Lecture 2 – Theory for the Lasso: Prediction

This lecture develops the theoretical foundations for understanding why the Lasso works well for prediction in high-dimensional linear models where $p \gg n$. We start from a simple but powerful algebraic trick — the Basic Inequality — and progressively build up to the main result: an oracle inequality showing that the Lasso's prediction error is nearly as good as if we had known the relevant variables in advance. Along the way, we encounter the key ideas of controlling the "noise term" via the set $\mathcal{T}$, and the compatibility condition, which captures what the design matrix $X$ needs to satisfy.

1. The Setup: High-Dimensional Linear Model & the Lasso

We work with the standard linear model in matrix form:

Y = X\beta^0 + \varepsilon, \quad \varepsilon \sim \mathcal{N}(0, \sigma^2 I_n)

Here $Y$ is the $n \times 1$ response vector, $X$ is the $n \times p$ design matrix (fixed), and $\beta^0 \in \mathbb{R}^p$ is the true (unknown) parameter vector. Crucially, we allow $p \gg n$: many more variables than observations.

When $p > n$, the ordinary least squares (OLS) estimator is not unique and will heavily overfit. The Lasso regularises by adding an $\ell_1$-penalty:

Definition — The Lasso Estimator

$$\hat{\beta}(\lambda) = \arg\min_{\beta} \left\{ \frac{\|Y - X\beta\|_2^2}{n} + \lambda \|\beta\|_1 \right\}$$

where $\|\beta\|_1 = \sum_{j=1}^p |\beta_j|$ and $\lambda \geq 0$ is the regularisation (tuning) parameter.

The $\ell_1$-penalty does two things simultaneously: it shrinks coefficients (pulling them toward zero) and selects variables (setting some coefficients to exactly zero). This is the origin of the name: Least Absolute Shrinkage and Selection Operator.

1.1 Why $\ell_1$ gives sparsity — geometric intuition

The Lasso is equivalent to the constrained problem: minimise $\|Y - X\beta\|_2^2/n$ subject to $\|\beta\|_1 \leq R$ (with a data-dependent mapping between $\lambda$ and $R$). Geometrically, the $\ell_1$-ball in $\mathbb{R}^p$ has corners that lie on the coordinate axes. The contour lines of the squared loss will typically first touch the $\ell_1$-ball at one of these corners, which corresponds to some coefficients being exactly zero.

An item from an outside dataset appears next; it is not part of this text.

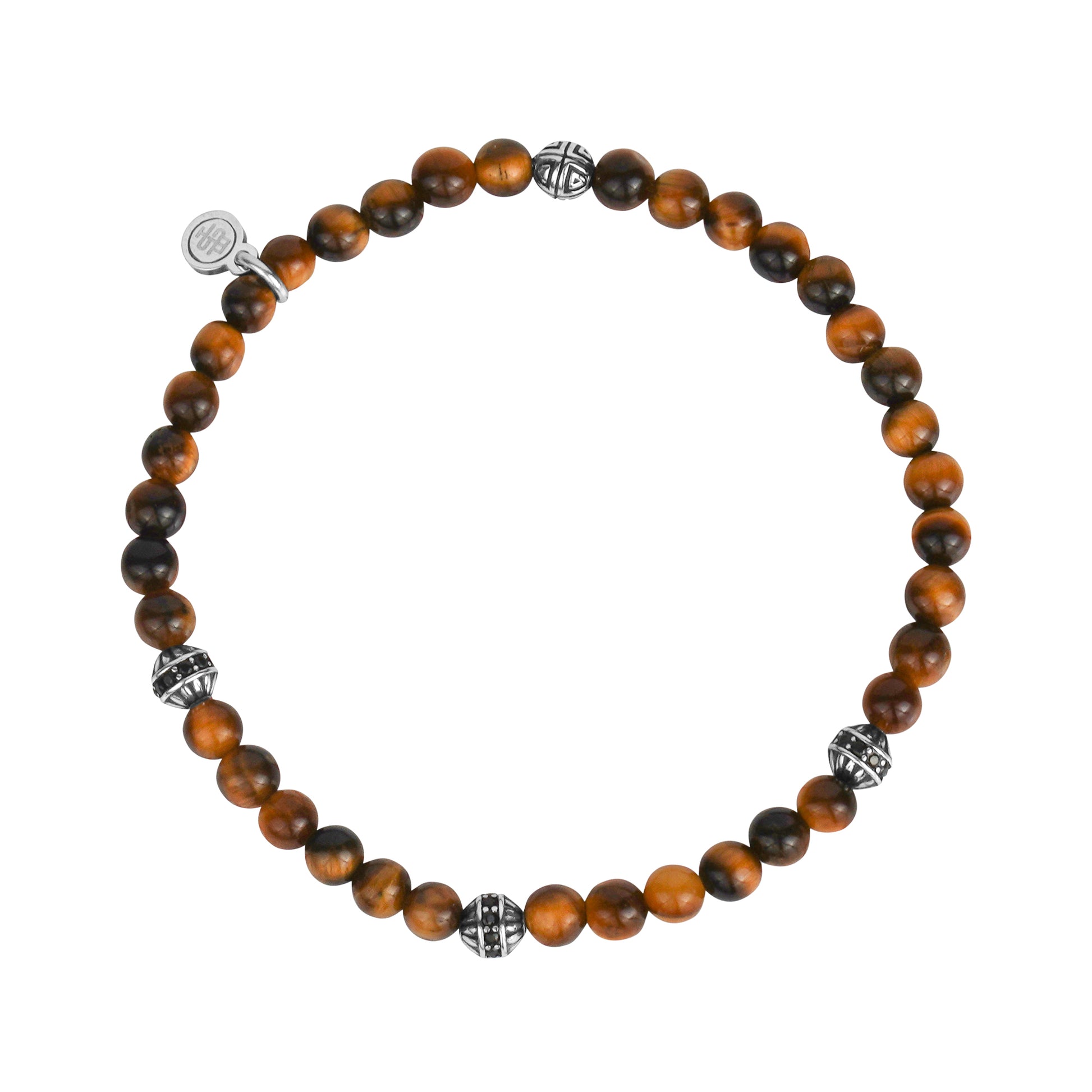 4 mm groĂźe braune Tigerauge-Perlen aus Halbedelsteinen werden mit einer charakteristischen Verschlussperle aus Edelstahl kombiniert, um ein stilvolles und haltbares Armband aus elastischer Kordel zu schaffen. Drei der mittleren Perlen sind mit schwarzen Zirkoniasteinen besetzt, die dem Armband ein subtiles Funkeln verleihen und es noch eleganter machen. Dieses dĂĽnne Armband eignet sich perfekt zum Kombinieren mit anderen Styles oder zum Verschenken an eine Freundin.

Compare this with Ridge regression, which uses the $\ell_2$-penalty $\|\beta\|_2^2$. The $\ell_2$-ball is smooth (a sphere) — its contours have no corners — so Ridge shrinks coefficients toward zero but never sets them exactly to zero.

Example — Orthonormal Design (Soft-Thresholding)

When the design is orthonormal ($X^TX/n = I$), the Lasso has an explicit closed-form solution: $$\hat{\beta}_j(\lambda) = \text{sign}(Z_j)(|Z_j| - \lambda/2)_+, \quad Z_j = (X^TY)_j/n = \hat{\beta}_{OLS,j}$$ This is the soft-thresholding operator $g_{\lambda/2}(z) = \text{sign}(z)(|z| - \lambda)_+$. It shrinks OLS estimates toward zero and sets small ones exactly to zero.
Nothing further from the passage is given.